The seat is the same decade-old B/E Aerospace Diamond product that Continental had as its standard longhaul product, and which countless airlines have used since. It’s better than the pre-merger United product, but it’s again below par on this route, where three competitors offer direct aisle access and the other (British Airways) offers its 2006-designed Club World seat that offers significantly more space at foot level for most passengers.

Knowing all that, I made sure to check my reservation regularly in order to secure a bulkhead seat, where the footwells are about three times the size of rows further back. I also picked a middle seat: despite my love of a window seat, I didn’t want to climb over a fellow passenger to stretch or pop to the lav.


I also wasn’t super-impressed that the USB socket was broken and that my IFE remote was dead. Given that Flightradar24 data suggests the aircraft for this flight sits on the ground for twelve hours after arriving from Melbourne, broken hard product feels unacceptable.

United’s pamphlet printers must be making a fortune out of Polaris, because there sure was a lot of reading material about future #PaxEx that I wasn’t going to be, er ex-ing on this flight. Perhaps a Fauxlaris blurb might be useful here too.

With United set to remove the smaller pillow, the plethora of Saks items is reduced slightly, but it still seems odd that United hasn’t thought of a better way than hiding a seat under a Linens ’n’ Things.

I thought that the welcome bubbly presentation was delightful, and while the chocolate was tasty enough it didn’t go at all with the champers. Could this not be some sort of savoury amuse-gueule instead? A puff pastry cheese straw, perhaps, or even some sort of upmarket Cheeto? I also shudder to think how many of these two-part plastic items are making it into landfill around the world. Is actual glass really not an option?

I thoroughly liked the amenity kit, practically stuffed with a wide selection of Cowshed products including the usual lipbalm and hand cream, but also offering a pillow mist and a posh moist towelette. A+ for including a peppermint to kill that morning breath on arrival. Highly profitable regular Polaris travellers might get bored of the same case, though, and United might do well to think about how to create a series of kits to vary things up a little.

United’s new signature wine flight concept, where you get to try three off the list in smaller tasting glasses, is brilliant. The fact that they failed to predict that passengers might like to take them up on that offer and have now run out of lots of the wine is not so brilliant.
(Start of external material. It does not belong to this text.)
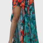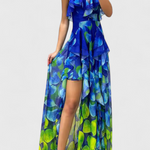Sculptural presence with a romantic touch. The Andy dress combines soft layers of ruffles with a side split and a subtle colour gradient, creating a design that flows elegantly and stands out effortlessly. Its sleeveless structure and ankle-length cut make it an ideal choice for stylish summer events.

Frankly, I found the white selections poor in quality and ill thought through. The Greek wine was as sickly as the Riesling, and neither was served cold enough — something that a wine advisor knowledgable about commercial aviation would know happens frequently. The Chablis, too, was too minerally and not generous enough in the mouth. I tried the Cab with my main course and it was fine, but not remarkable. The best by far was the Champagne, a cheaper bottle from a little-known producer and not named on the wine list, but nonetheless delicious. It would make sense for United to replicate this with the rest of its wine list: perhaps a “sweeter white”, “drier white”, “fruitier white”, which could be color-coded for ease of flight attendant and passenger recognition, might work well.

Every single bite of food on the aircraft was delicious, and the crew were kind enough to swap out the starter (fish, which I don’t eat) for the cheese plate.

Hands down, United’s short rib was the best beef I’ve ever eaten in the sky.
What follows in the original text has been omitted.